### The problem
The task for the listing below is to write out exactly the lines starting at the one containing "Denma’s subversive vision" and ending at the one containing "Introduce a modern", both included. Pictures are to be omitted.

### Data below

>>>>

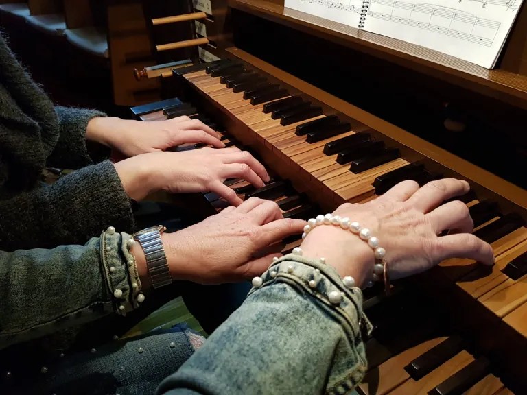 L’organista titular de Santanyí, Francesca Suau, va ser la convidada a interpretar peces a quatre mans amb Bàrbara Duran. Continua
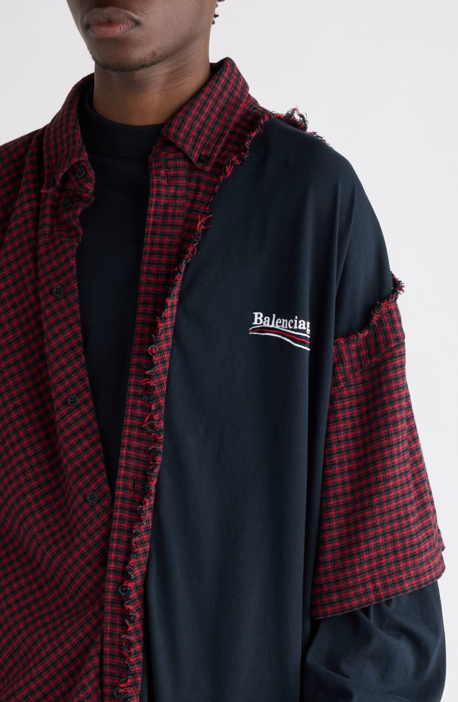 Denma’s subversive vision comes to life in a spliced top that reads layered at a glance yet lands as one precise piece. Soft jersey meets plaid flannel so the body carries two text
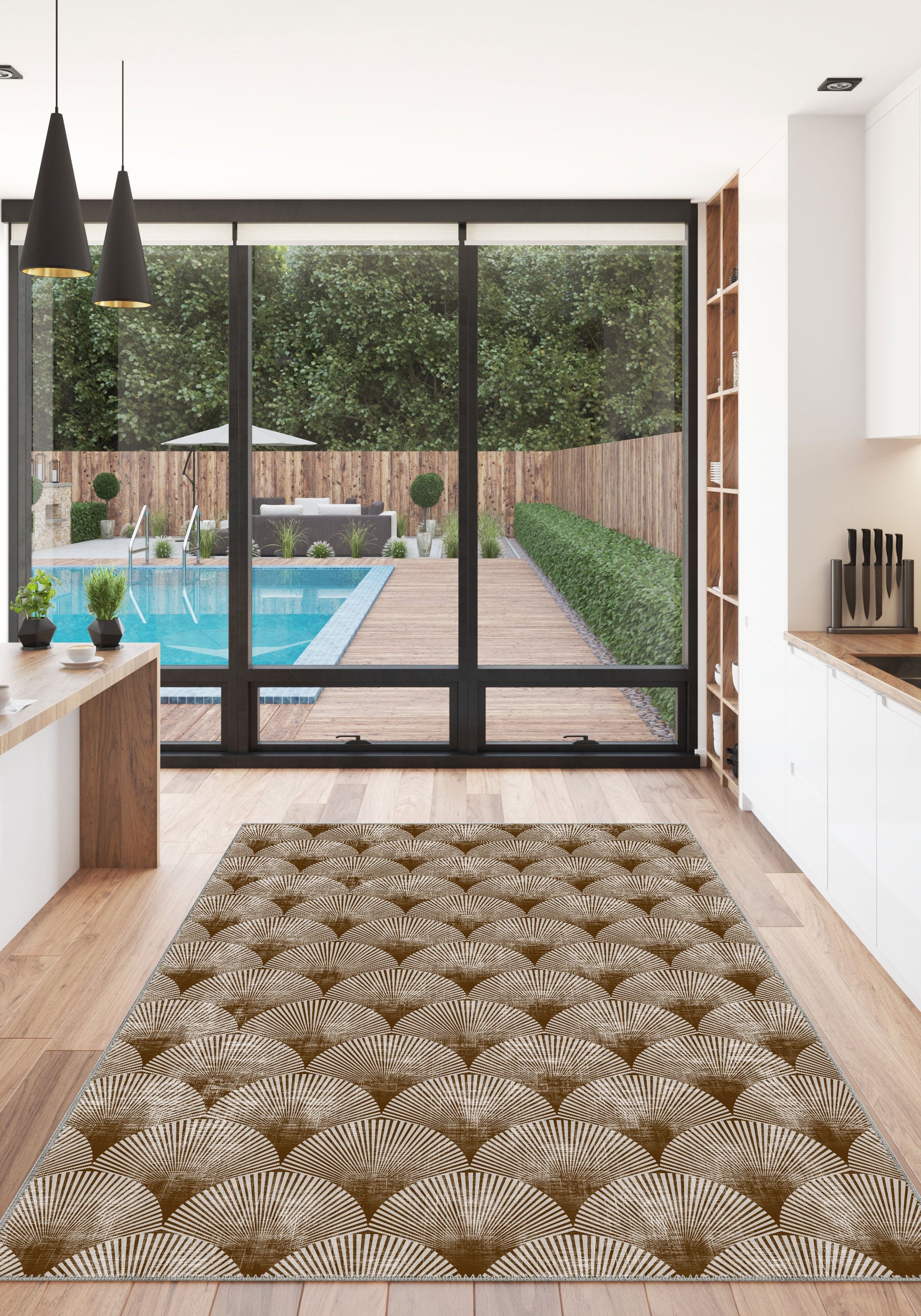 Introduce a modern touch to your home with the Addison Modern Brown Rug. Featuring a fan-like geometric pattern, this rug is perfect for those seeking a blend of style and practicality. With its warm brown tones and unique design, it adds a contemporary flair to any space while maintaining a versatile look.
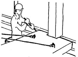 УКЛАДКА ПАНЕЛИ; 2,5 мин; М1, М2, М3; ломы, строп Монтажник М1, стоя на верхней площадке РШИ, подает команду машинисту крана опустить связную панель над консолями колонн. Монтажник М2, находясь на одной из промежуточных площадок РШИ, а монтажник М3 - в нижней люльке РШИ, наводят наклоненную часть панели на опору со стороны хомута, расположенного в пролете РШИ. По команде монтажника М1 машинист крана медленно опускает панель на опоры, а монтажник М2, придерживает ее сбоку. При необходимости он ломом рихтует опорную часть панели так, чтобы закладные детали ее и ригеля совпали. Другой конец панели укладывают на опоры аналогично |

<<<<

### Problem solution
 Denma’s subversive vision comes to life in a spliced top that reads layered at a glance yet lands as one precise piece. Soft jersey meets plaid flannel so the body carries two text
 Introduce a modern touch to your home with the Addison Modern Brown Rug. Featuring a fan-like geometric pattern, this rug is perfect for those seeking a blend of style and practicality. With its warm brown tones and unique design, it adds a contemporary flair to any space while maintaining a versatile look.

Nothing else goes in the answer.